* DATASET EXTRACT *
____________

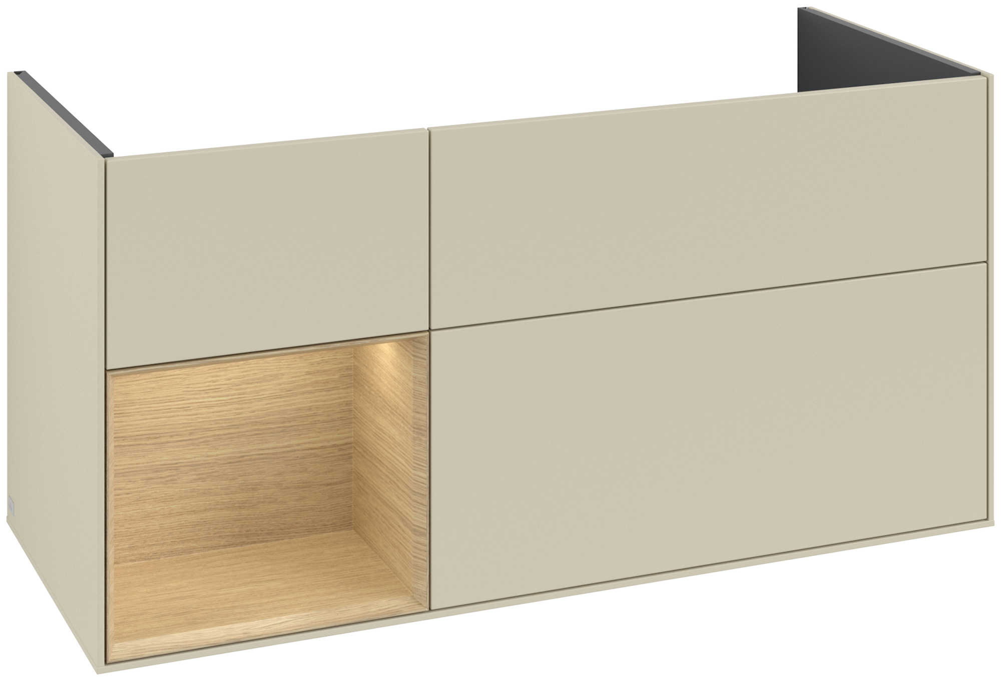 Finion Meuble sous plan, avec éclairage, 3 tiroirs sur rails, 1196x591x498mm, Caisson: Silk Grey Matt Lacquer, Façade: Silk Grey Matt Lacquer, Élément d’étagère: Oak Veneer
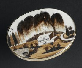 The practice of using hair as mourning jewellery forms part of the Victorian relic culture. The idea of incorporating hair strands into jewellery is a method of materialising the mourning process. Hair is incorporated into jewellery as a memento, considering it is the only part of the body that does not change or decay after death.[8] The use of hair jewellery stems from the material need to create an emotional connection with the departed, even beyond the grave.[7] Hair was considered a versatile material that was incorporated into a variety of jewellery. Hair was commonly interwoven into bracelets, earrings, brooches, rings and watch chains.[7] Materials such as pearls, gold, gems and enamels were commonly added to hair jewellery as decoration.[7] A common use for hair jewellery was to acknowledge and remember the departed and the second use of hair jewellery was to commemorate the departed throughout funeral ceremonies. Funeral ceremonies permitted women to wear specific hair ornaments. Hair ornaments incorporated motifs of skeletons, coffins, angels and crossbones.[9] The use of braided hair was also incorporated in the floral arrangements used at funerals.[9]
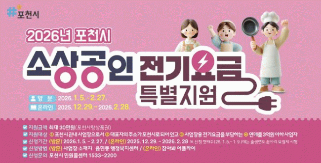 | Æ÷õ½Ã, ¼Ò»ó°øÀÎ Àü±â¿ä±Ý Ưº°Áö¿ø 28ÀÏ Á¢¼ö ¸¶°¨ =Çѽ¸ñ ±âÀÚ |

____________

An exact reproduction of the material is needed, without its images.

* RESPONSE BELOW *
 Finion Meuble sous plan, avec éclairage, 3 tiroirs sur rails, 1196x591x498mm, Caisson: Silk Grey Matt Lacquer, Façade: Silk Grey Matt Lacquer, Élément d’étagère: Oak Veneer
 The practice of using hair as mourning jewellery forms part of the Victorian relic culture. The idea of incorporating hair strands into jewellery is a method of materialising the mourning process. Hair is incorporated into jewellery as a memento, considering it is the only part of the body that does not change or decay after death.[8] The use of hair jewellery stems from the material need to create an emotional connection with the departed, even beyond the grave.[7] Hair was considered a versatile material that was incorporated into a variety of jewellery. Hair was commonly interwoven into bracelets, earrings, brooches, rings and watch chains.[7] Materials such as pearls, gold, gems and enamels were commonly added to hair jewellery as decoration.[7] A common use for hair jewellery was to acknowledge and remember the departed and the second use of hair jewellery was to commemorate the departed throughout funeral ceremonies. Funeral ceremonies permitted women to wear specific hair ornaments. Hair ornaments incorporated motifs of skeletons, coffins, angels and crossbones.[9] The use of braided hair was also incorporated in the floral arrangements used at funerals.[9]
 | Æ÷õ½Ã, ¼Ò»ó°øÀÎ Àü±â¿ä±Ý Ưº°Áö¿ø 28ÀÏ Á¢¼ö ¸¶°¨ =Çѽ¸ñ ±âÀÚ |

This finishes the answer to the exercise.